Stored entries
- - -

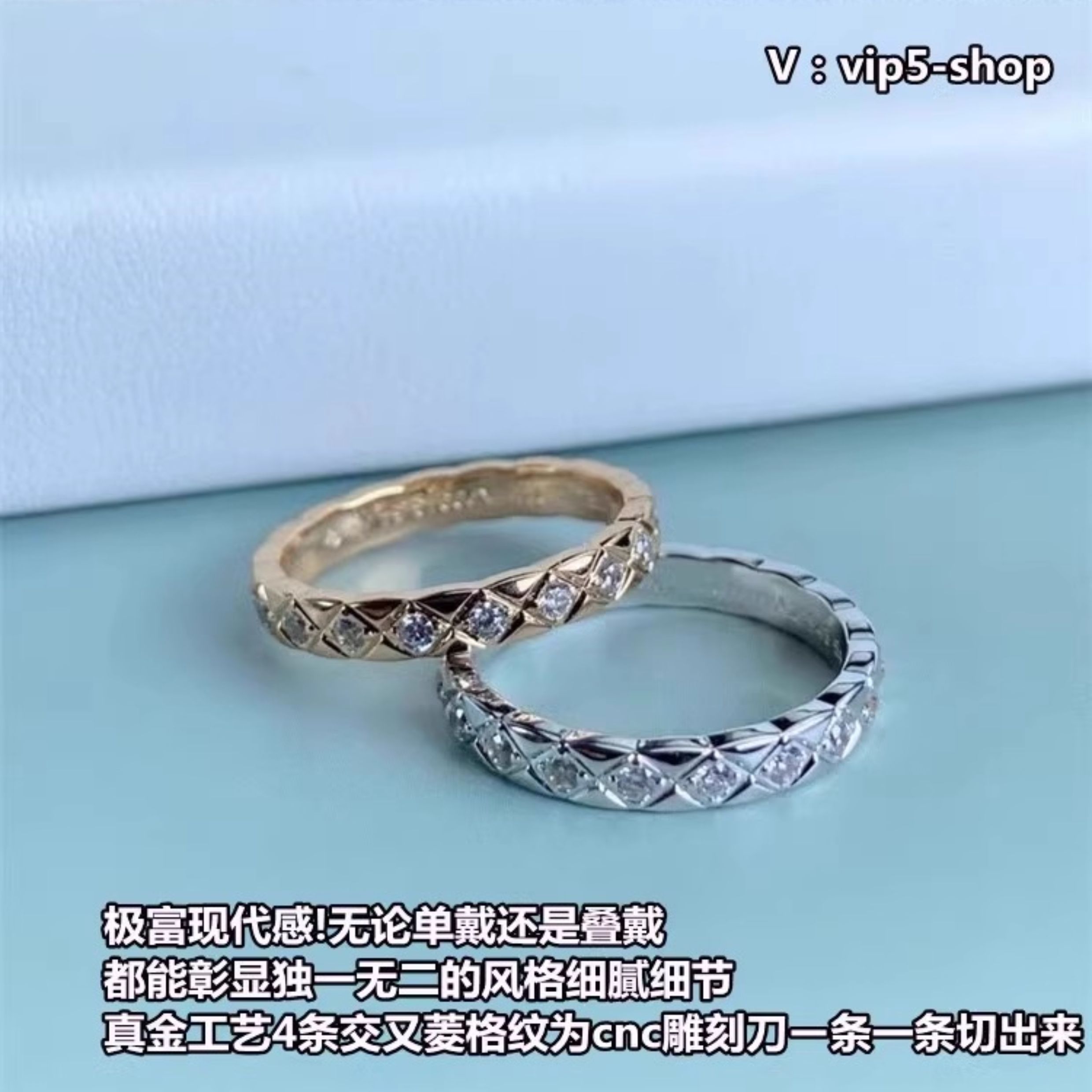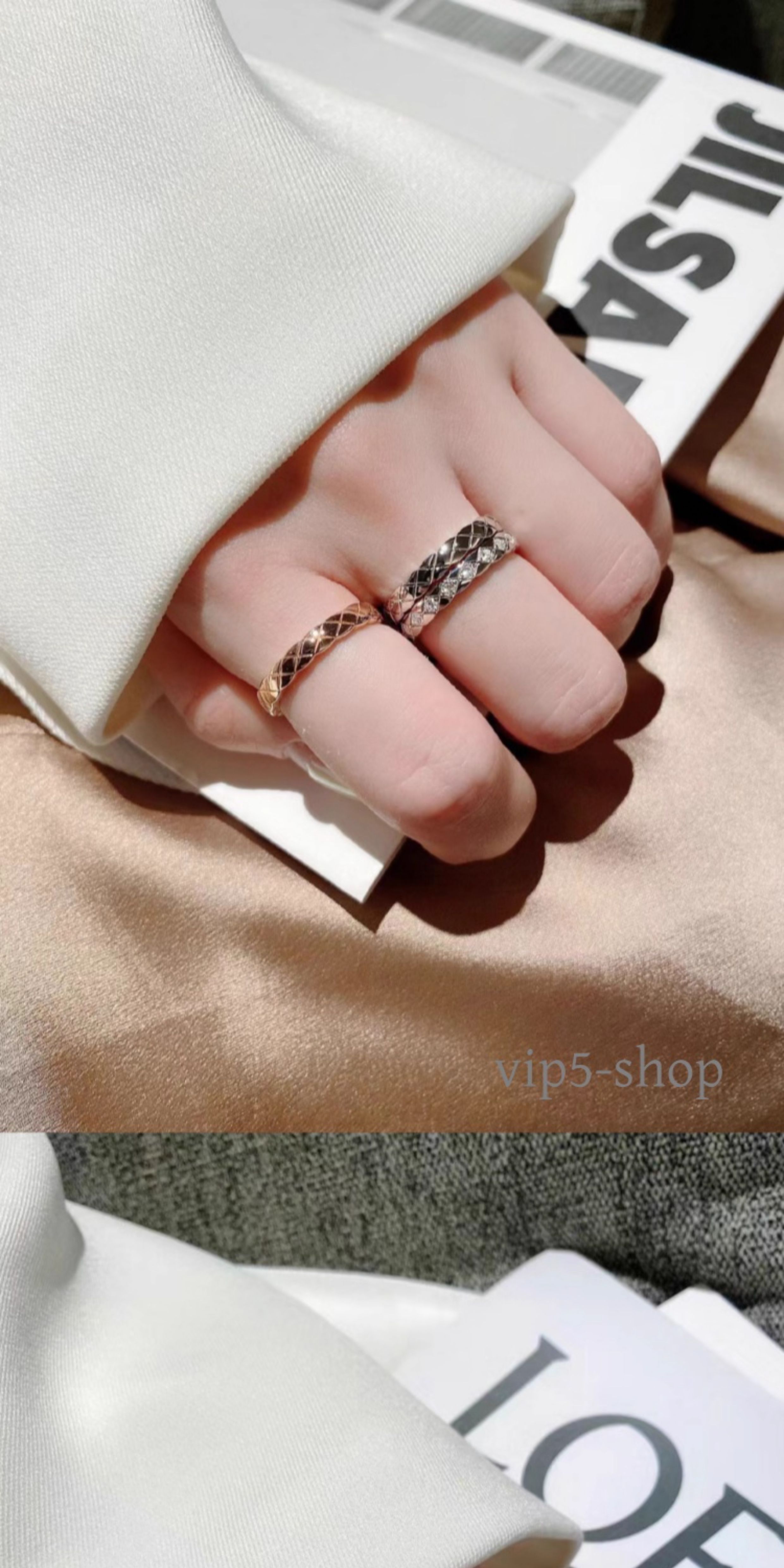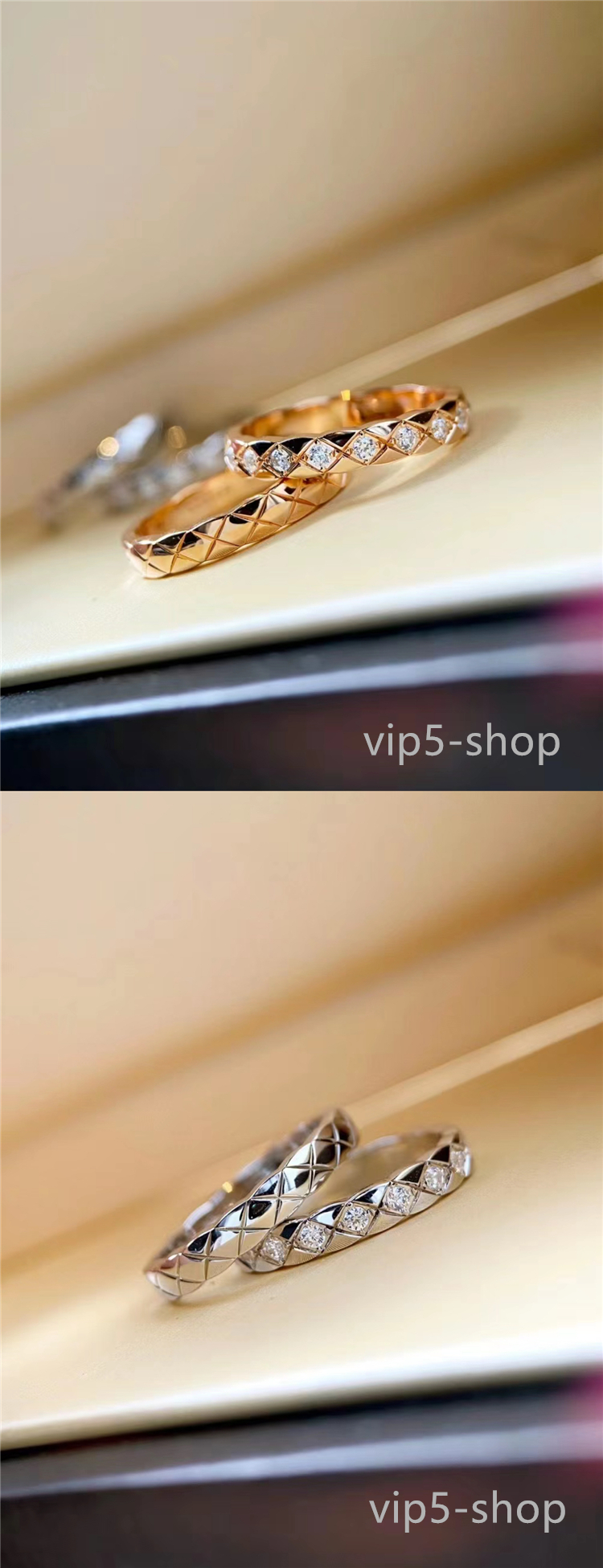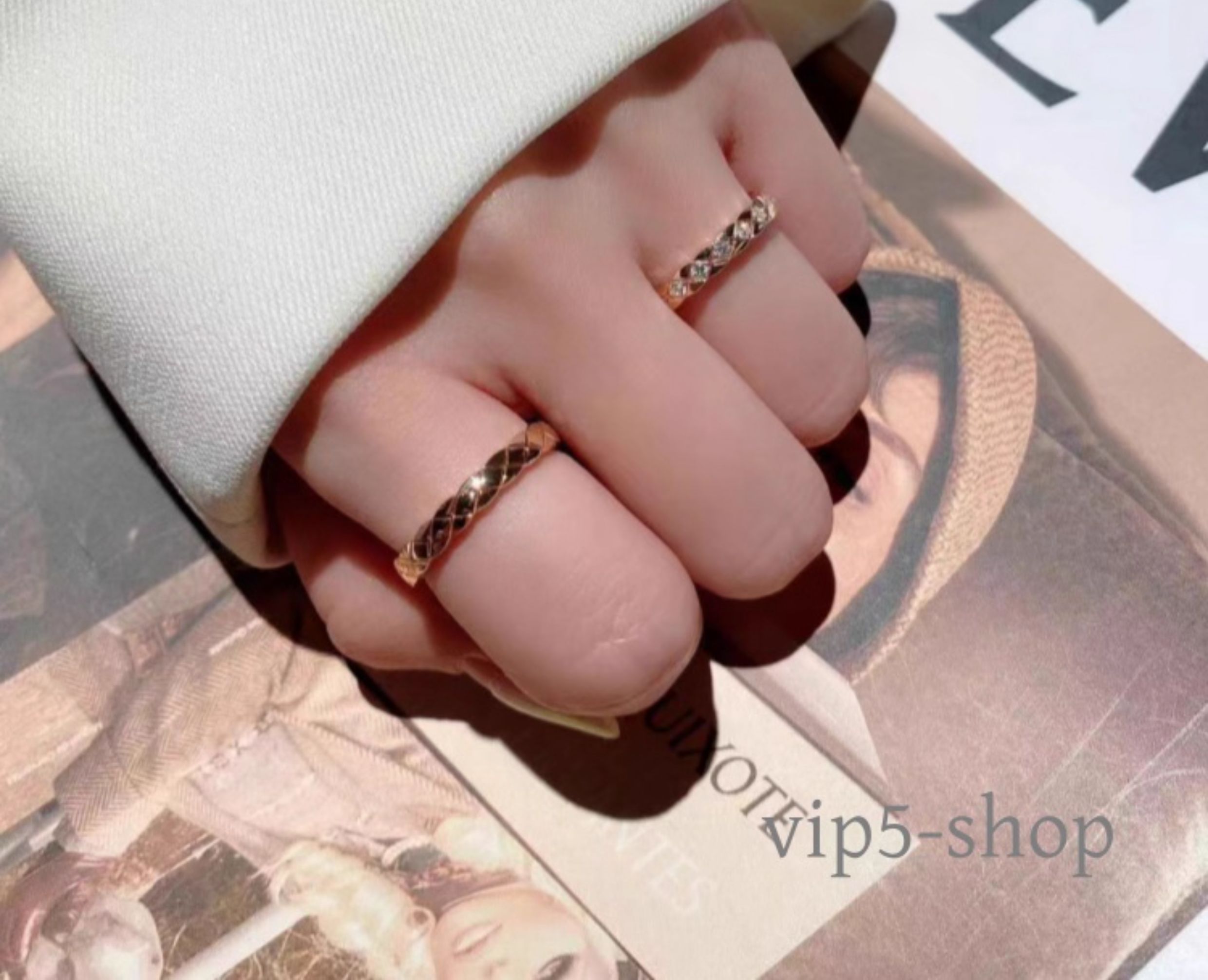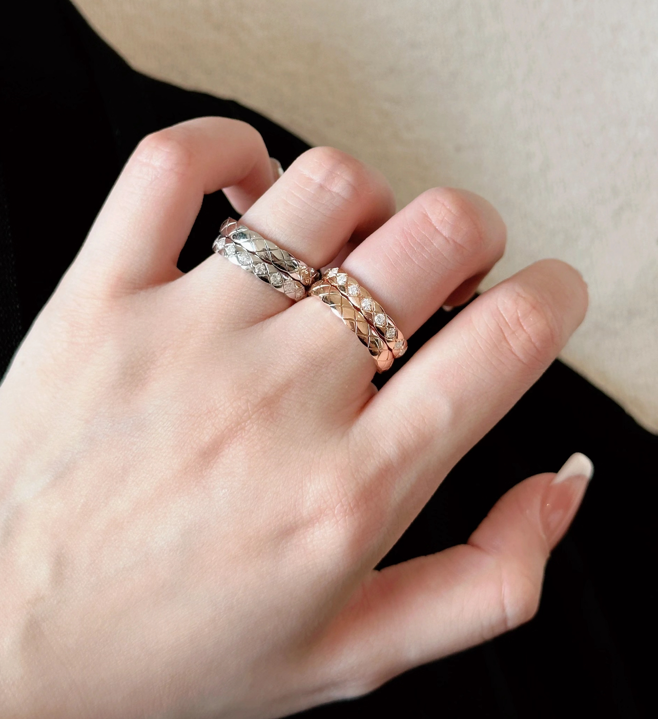 High-End Diamond-Patterned Ring for Women, Rose Gold, Niche Design, Internet Celebrity, Light Luxury, ins Chanel-Style Coco Index Finger Ring
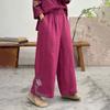 Укороченные брюки летнего нового стиля с вышивкой, широкие прямые брюки в литературном ретро-этническом стиле, свободные универсальные узкие повседневные брюки
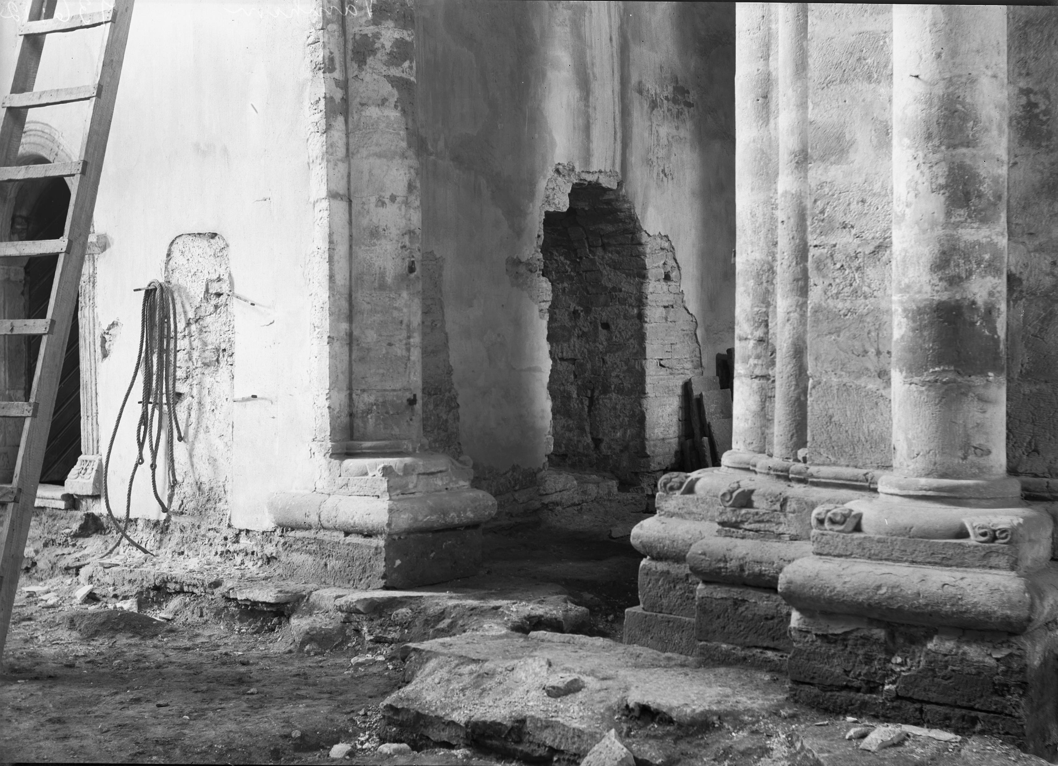 Nedre delen av koromgångens norra ingång, från sydväst. Pelarbaserna och deras grunder blottade.
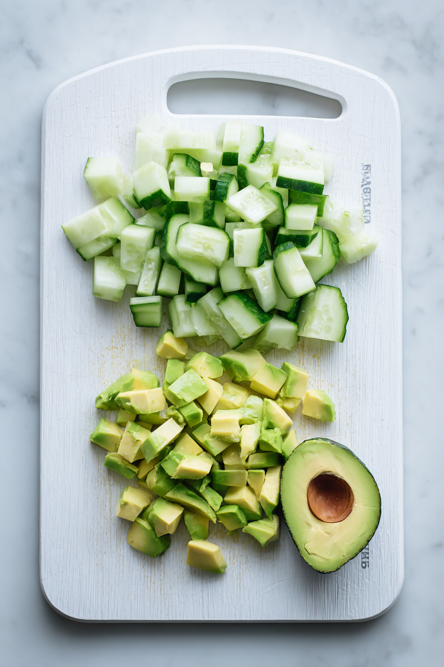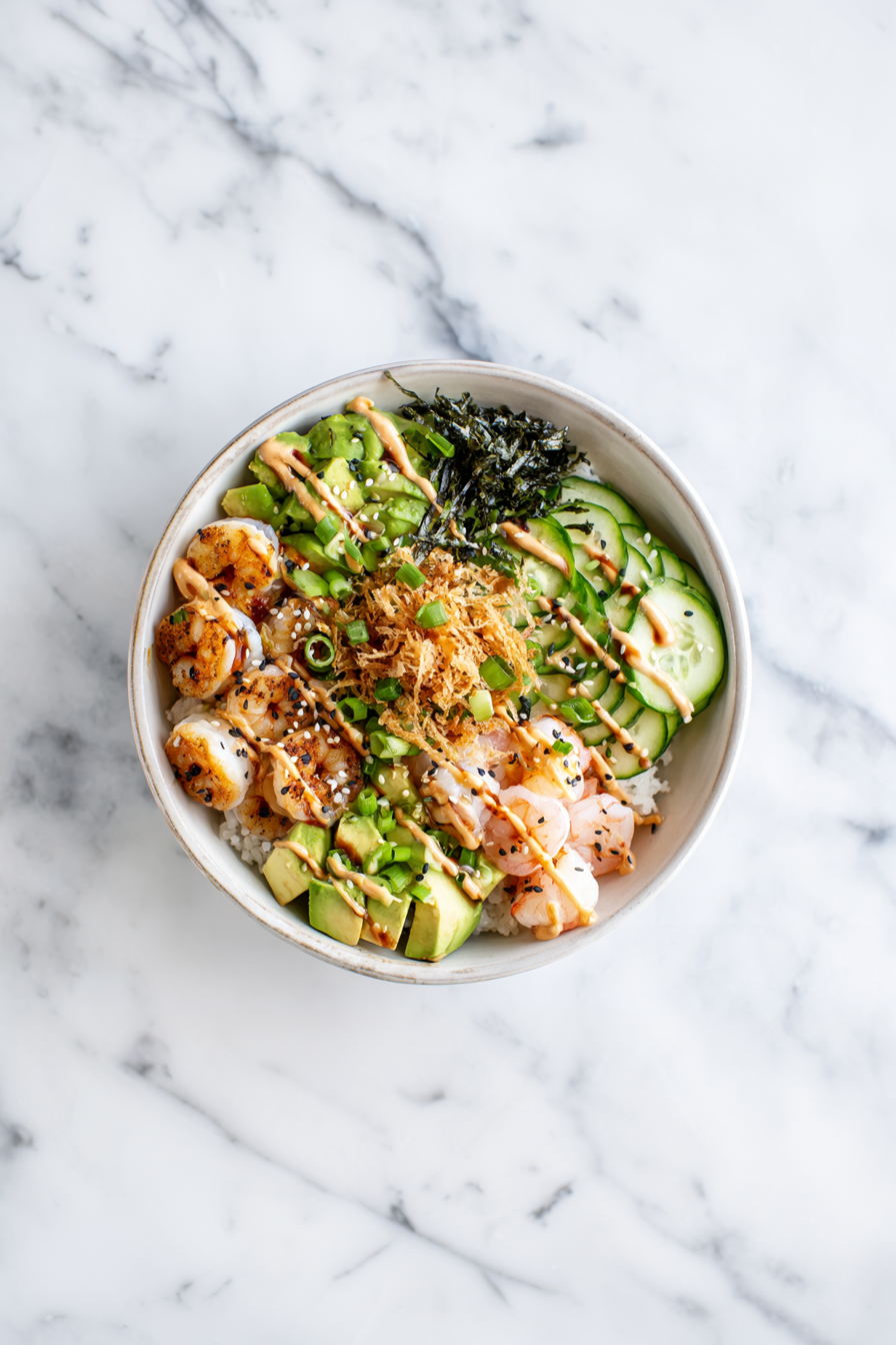 Assemble bowls with rice base, topped with shrimp, cucumbers, avocado, and seaweed snacks.
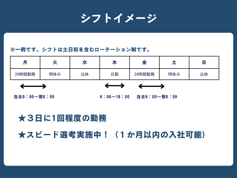 勤務時間詳細 総労働時間:1ヶ月あたり173時間18分 1ヶ月単位の変形労働時間制 (1)9:00~18:00 休憩:60分 (2)9:00~翌8:59 休憩480分 ★シフト例:その1★ 月:24時間勤務 火:明け休み 水:休み 木:日勤 金:休み 土:24時間勤務 日:明け休み ★シフト例:その2★ 月:日勤 火:24時間勤務 水:明け休み 木:休み 金:日勤 土:休み 日:24時間勤務
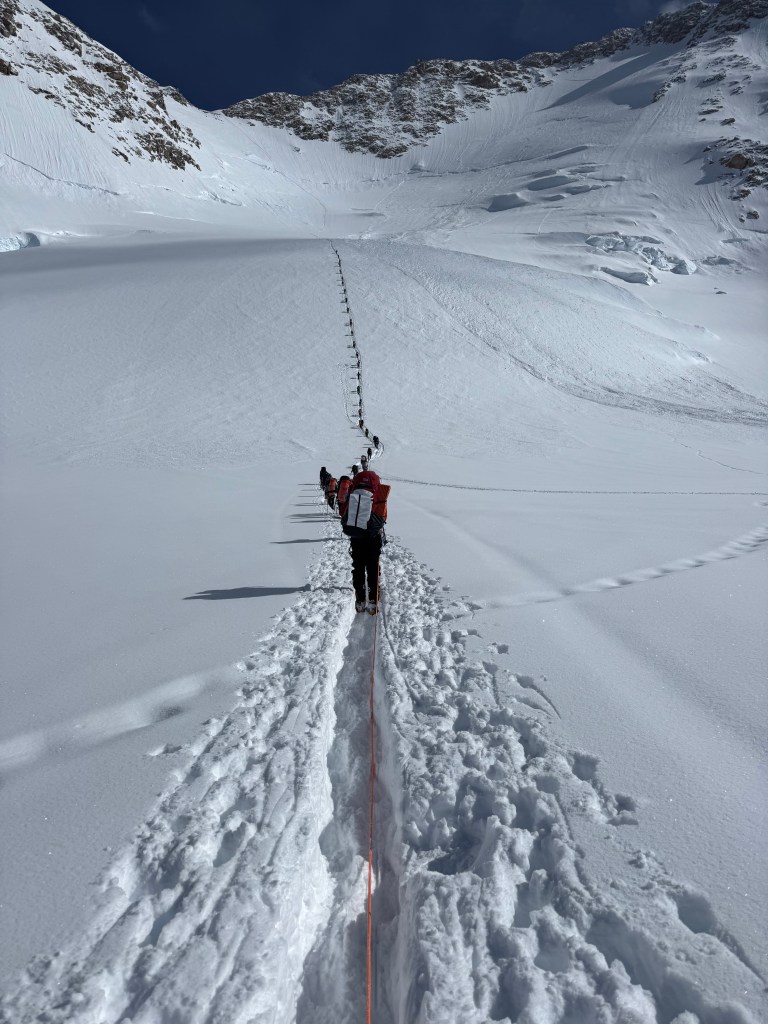 Today we moved food for our summit attempt to 16,200ft. We brought 3 days of food, that was snacks, 3 dehydrated dinners and breakfasts. This would be all we needed when we’d try for the summit. We would not come back up unless, or until, there was a 3 day weather window to attempt to summit. RMI has a (permanent) cache at 17,000 ft, with more food, tents and cooking gear. This would minimize our overall carry to 17,000. We travelled about 2 miles total – doesn’t seem that far- but went 2,000ft up and down. So, yes it was, steep. Literally straight up!
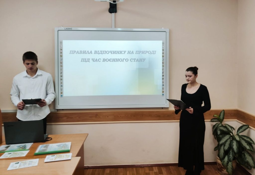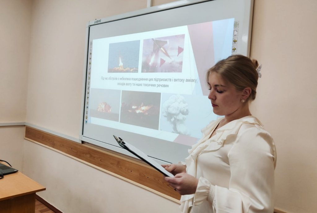 До Міжнародного дня запобігання експлуатації навколишнього середовища під час війни та збройних конфліктів екологічним гуртком Академії, керівництво якого здійснює завідувач кафедри природничих дисциплін, к.пед.н., доцент Олена Снісар, проведено відкрите засідання, на якому розглянуто актуальні екологічні проблеми нашої області спричинені війною. Здобувачі фахової передвищої освіти, що навчаються на ОПП Фармація Владислав Гордієнко, Вікторія Чала ознайомили з небезпеками, які несуть ракетні та дронові атаки, руйнування об’єктів енергетики та промисловості. Богдан Слободяник, Дарина Товмач надали рекомендації про правила відпочинку на природі під час воєнного стану, які важливо знати молоді для уникнення небезпечних для життя і здоров’я ситуацій. Здобувач освіти Бевз Тетяна, що навчається на освітній програмі Лікар, висвітила питання готовності служб області до реагування на екологічні катастрофи та надання медичної допомоги в надзвичайних ситуаціях під час військових дій.

- - -

**Task requirements:** Take the data above and repeat it exactly, leaving each picture out.

**Answer space:**
 High-End Diamond-Patterned Ring for Women, Rose Gold, Niche Design, Internet Celebrity, Light Luxury, ins Chanel-Style Coco Index Finger Ring
 Укороченные брюки летнего нового стиля с вышивкой, широкие прямые брюки в литературном ретро-этническом стиле, свободные универсальные узкие повседневные брюки
 Nedre delen av koromgångens norra ingång, från sydväst. Pelarbaserna och deras grunder blottade.
 Assemble bowls with rice base, topped with shrimp, cucumbers, avocado, and seaweed snacks.
 勤務時間詳細 総労働時間:1ヶ月あたり173時間18分 1ヶ月単位の変形労働時間制 (1)9:00~18:00 休憩:60分 (2)9:00~翌8:59 休憩480分 ★シフト例:その1★ 月:24時間勤務 火:明け休み 水:休み 木:日勤 金:休み 土:24時間勤務 日:明け休み ★シフト例:その2★ 月:日勤 火:24時間勤務 水:明け休み 木:休み 金:日勤 土:休み 日:24時間勤務
 Today we moved food for our summit attempt to 16,200ft. We brought 3 days of food, that was snacks, 3 dehydrated dinners and breakfasts. This would be all we needed when we’d try for the summit. We would not come back up unless, or until, there was a 3 day weather window to attempt to summit. RMI has a (permanent) cache at 17,000 ft, with more food, tents and cooking gear. This would minimize our overall carry to 17,000. We travelled about 2 miles total – doesn’t seem that far- but went 2,000ft up and down. So, yes it was, steep. Literally straight up!
 До Міжнародного дня запобігання експлуатації навколишнього середовища під час війни та збройних конфліктів екологічним гуртком Академії, керівництво якого здійснює завідувач кафедри природничих дисциплін, к.пед.н., доцент Олена Снісар, проведено відкрите засідання, на якому розглянуто актуальні екологічні проблеми нашої області спричинені війною. Здобувачі фахової передвищої освіти, що навчаються на ОПП Фармація Владислав Гордієнко, Вікторія Чала ознайомили з небезпеками, які несуть ракетні та дронові атаки, руйнування об’єктів енергетики та промисловості. Богдан Слободяник, Дарина Товмач надали рекомендації про правила відпочинку на природі під час воєнного стану, які важливо знати молоді для уникнення небезпечних для життя і здоров’я ситуацій. Здобувач освіти Бевз Тетяна, що навчається на освітній програмі Лікар, висвітила питання готовності служб області до реагування на екологічні катастрофи та надання медичної допомоги в надзвичайних ситуаціях під час військових дій.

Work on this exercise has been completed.